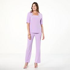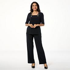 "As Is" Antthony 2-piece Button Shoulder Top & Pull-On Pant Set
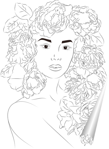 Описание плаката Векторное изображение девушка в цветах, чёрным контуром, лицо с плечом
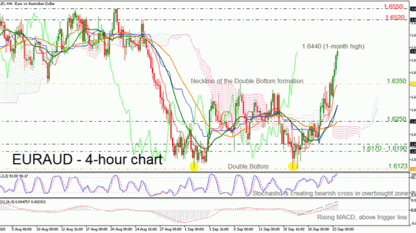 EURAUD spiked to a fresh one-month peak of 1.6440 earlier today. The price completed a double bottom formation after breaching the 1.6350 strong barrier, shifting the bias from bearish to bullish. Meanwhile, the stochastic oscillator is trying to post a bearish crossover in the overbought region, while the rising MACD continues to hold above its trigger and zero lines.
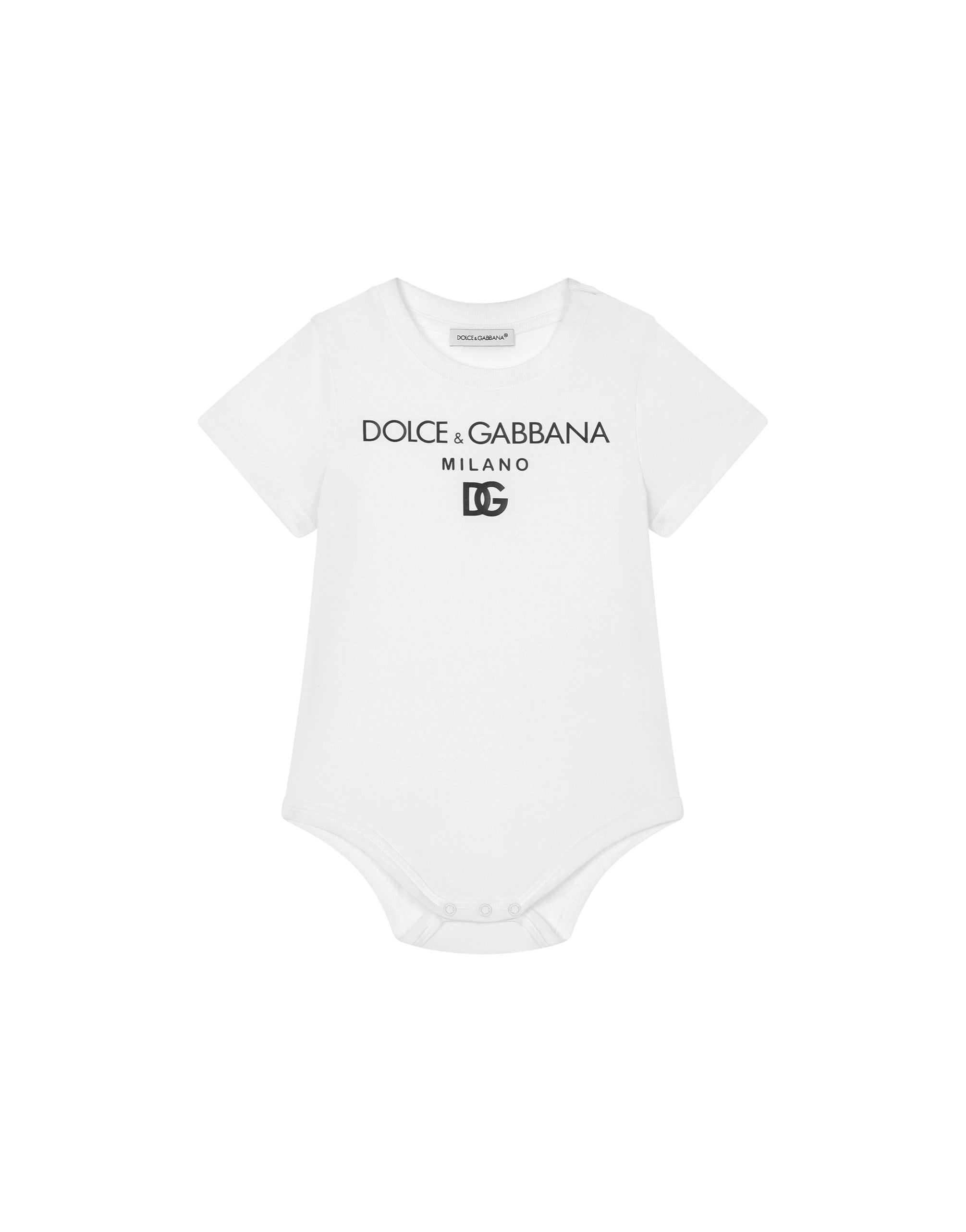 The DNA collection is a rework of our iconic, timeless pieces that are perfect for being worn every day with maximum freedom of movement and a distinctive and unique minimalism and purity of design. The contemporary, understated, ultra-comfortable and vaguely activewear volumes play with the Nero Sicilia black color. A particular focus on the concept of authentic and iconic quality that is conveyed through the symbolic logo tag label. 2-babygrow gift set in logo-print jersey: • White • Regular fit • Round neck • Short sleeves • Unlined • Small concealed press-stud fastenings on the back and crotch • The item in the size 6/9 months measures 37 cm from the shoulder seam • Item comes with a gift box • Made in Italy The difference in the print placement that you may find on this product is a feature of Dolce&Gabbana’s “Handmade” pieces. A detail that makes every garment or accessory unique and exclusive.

--

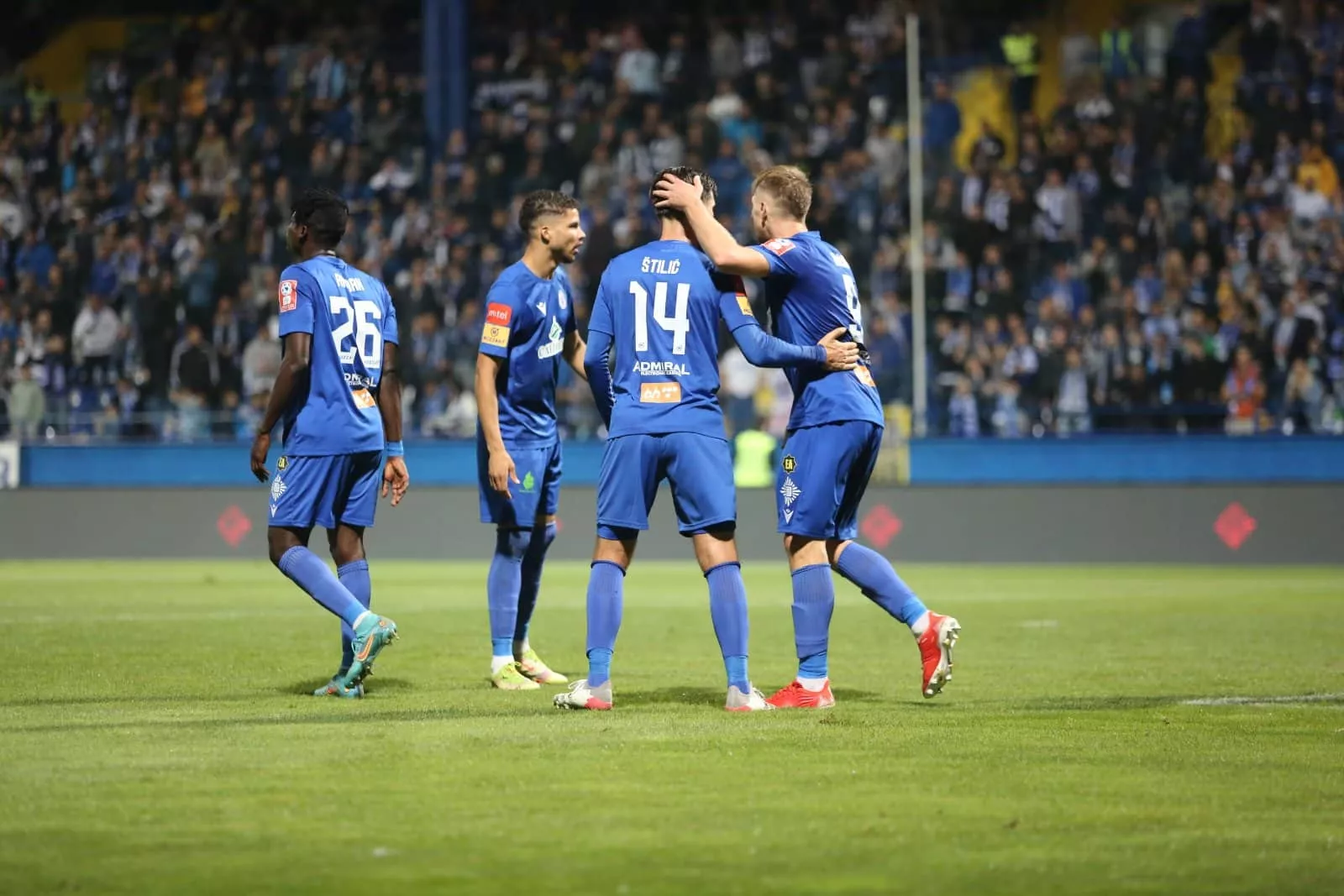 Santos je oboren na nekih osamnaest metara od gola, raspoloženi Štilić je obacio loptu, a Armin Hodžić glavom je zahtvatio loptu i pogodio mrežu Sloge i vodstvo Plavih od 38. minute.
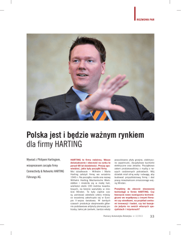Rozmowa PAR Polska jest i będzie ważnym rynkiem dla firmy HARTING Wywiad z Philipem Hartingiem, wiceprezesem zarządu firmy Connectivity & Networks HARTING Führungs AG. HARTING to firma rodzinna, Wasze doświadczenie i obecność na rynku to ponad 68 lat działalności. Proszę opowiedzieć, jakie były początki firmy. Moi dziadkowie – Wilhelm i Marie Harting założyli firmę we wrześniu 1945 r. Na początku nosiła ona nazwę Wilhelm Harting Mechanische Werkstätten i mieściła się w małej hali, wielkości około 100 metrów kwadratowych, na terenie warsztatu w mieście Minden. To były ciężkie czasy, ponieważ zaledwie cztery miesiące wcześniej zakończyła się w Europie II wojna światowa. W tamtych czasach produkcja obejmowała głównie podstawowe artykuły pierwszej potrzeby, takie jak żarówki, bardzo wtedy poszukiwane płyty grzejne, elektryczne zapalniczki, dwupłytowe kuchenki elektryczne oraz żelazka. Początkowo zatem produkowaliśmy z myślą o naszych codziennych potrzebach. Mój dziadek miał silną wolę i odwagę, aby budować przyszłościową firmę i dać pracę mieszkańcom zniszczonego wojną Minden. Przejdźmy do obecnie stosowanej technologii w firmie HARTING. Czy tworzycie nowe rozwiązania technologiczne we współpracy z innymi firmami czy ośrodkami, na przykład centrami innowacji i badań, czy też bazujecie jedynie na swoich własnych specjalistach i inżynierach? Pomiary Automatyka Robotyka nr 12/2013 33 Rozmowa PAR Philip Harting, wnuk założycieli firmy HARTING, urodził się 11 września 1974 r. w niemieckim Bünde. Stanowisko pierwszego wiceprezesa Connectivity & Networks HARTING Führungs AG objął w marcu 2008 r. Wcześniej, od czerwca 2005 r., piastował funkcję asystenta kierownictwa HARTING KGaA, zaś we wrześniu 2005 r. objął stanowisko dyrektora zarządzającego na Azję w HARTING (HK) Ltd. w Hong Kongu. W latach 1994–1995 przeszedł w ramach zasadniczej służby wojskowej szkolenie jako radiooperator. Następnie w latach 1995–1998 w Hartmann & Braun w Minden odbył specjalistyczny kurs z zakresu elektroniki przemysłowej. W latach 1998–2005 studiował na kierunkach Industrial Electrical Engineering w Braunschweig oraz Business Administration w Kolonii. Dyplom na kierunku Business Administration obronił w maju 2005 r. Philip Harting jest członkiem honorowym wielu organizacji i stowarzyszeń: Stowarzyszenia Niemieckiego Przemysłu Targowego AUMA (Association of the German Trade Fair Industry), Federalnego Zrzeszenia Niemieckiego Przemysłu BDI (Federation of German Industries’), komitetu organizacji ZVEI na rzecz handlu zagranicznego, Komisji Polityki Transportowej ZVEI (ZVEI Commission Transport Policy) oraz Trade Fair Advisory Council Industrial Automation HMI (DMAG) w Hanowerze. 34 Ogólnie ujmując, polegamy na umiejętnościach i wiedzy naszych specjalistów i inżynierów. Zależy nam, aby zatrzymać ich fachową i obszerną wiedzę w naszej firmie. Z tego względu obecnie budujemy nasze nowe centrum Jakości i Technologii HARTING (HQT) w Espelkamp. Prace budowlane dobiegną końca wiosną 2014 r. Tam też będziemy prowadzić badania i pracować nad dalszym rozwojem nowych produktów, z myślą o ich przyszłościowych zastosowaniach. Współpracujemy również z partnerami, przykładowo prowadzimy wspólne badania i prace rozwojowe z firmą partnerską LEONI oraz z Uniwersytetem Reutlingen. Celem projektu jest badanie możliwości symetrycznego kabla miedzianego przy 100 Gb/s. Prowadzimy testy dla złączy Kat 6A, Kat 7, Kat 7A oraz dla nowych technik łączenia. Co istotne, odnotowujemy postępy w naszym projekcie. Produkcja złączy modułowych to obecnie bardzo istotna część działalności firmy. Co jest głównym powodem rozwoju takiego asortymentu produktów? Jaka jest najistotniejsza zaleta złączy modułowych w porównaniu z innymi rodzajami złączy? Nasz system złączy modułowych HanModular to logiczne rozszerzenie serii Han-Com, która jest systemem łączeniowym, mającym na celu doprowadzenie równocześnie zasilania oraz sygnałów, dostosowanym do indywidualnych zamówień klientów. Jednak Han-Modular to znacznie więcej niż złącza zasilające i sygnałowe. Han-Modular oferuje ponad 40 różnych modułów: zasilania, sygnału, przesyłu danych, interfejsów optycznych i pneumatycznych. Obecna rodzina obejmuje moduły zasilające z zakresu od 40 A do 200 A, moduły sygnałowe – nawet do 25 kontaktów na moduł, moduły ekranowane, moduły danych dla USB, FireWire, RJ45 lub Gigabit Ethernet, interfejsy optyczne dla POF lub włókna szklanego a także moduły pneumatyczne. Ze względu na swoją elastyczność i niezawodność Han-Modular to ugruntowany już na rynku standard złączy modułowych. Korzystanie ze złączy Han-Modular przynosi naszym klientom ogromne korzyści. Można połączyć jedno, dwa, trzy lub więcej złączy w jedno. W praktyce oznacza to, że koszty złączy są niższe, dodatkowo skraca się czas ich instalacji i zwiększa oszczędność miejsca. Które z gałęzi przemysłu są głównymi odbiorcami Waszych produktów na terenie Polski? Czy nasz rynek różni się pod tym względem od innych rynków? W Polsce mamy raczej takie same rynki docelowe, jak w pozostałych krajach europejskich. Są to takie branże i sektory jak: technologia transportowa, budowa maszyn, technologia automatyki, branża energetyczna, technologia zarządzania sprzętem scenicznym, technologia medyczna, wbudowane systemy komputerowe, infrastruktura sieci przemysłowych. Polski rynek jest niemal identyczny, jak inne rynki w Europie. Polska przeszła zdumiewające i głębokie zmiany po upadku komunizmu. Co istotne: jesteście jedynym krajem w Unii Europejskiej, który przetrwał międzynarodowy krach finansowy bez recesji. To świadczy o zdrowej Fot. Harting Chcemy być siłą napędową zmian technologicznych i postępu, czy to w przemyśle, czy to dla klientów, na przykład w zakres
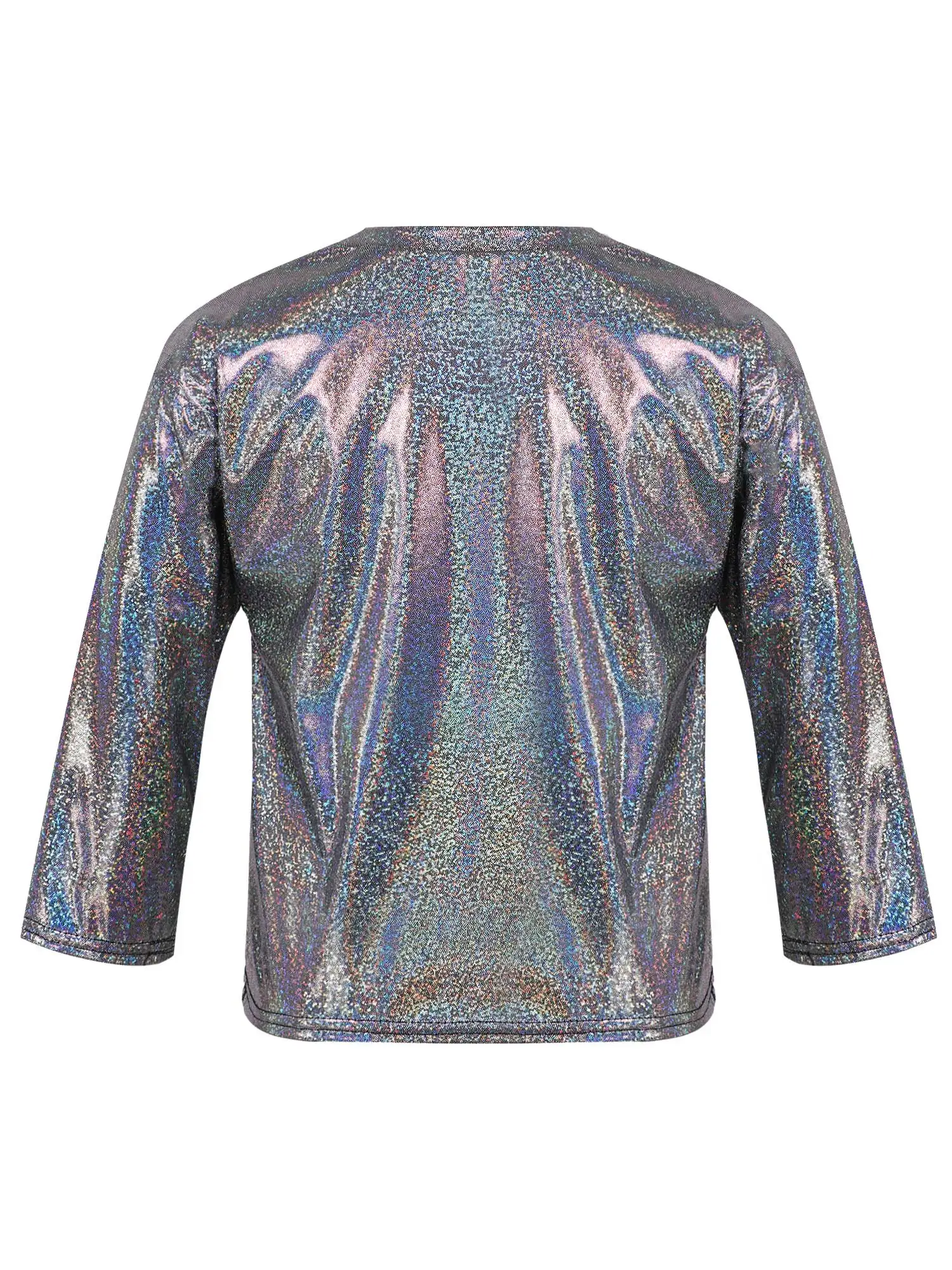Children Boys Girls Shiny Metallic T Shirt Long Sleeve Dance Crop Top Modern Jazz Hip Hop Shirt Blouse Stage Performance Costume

> _Work to complete_
From the records above, quote word for word only the lines beginning at the line that has "Pull-On Pant Set" and stopping after the line that has "EURAUD spiked to". Omit the pictures.

> _Problem solution_
 "As Is" Antthony 2-piece Button Shoulder Top & Pull-On Pant Set
 Описание плаката Векторное изображение девушка в цветах, чёрным контуром, лицо с плечом
 EURAUD spiked to a fresh one-month peak of 1.6440 earlier today. The price completed a double bottom formation after breaching the 1.6350 strong barrier, shifting the bias from bearish to bullish. Meanwhile, the stochastic oscillator is trying to post a bearish crossover in the overbought region, while the rising MACD continues to hold above its trigger and zero lines.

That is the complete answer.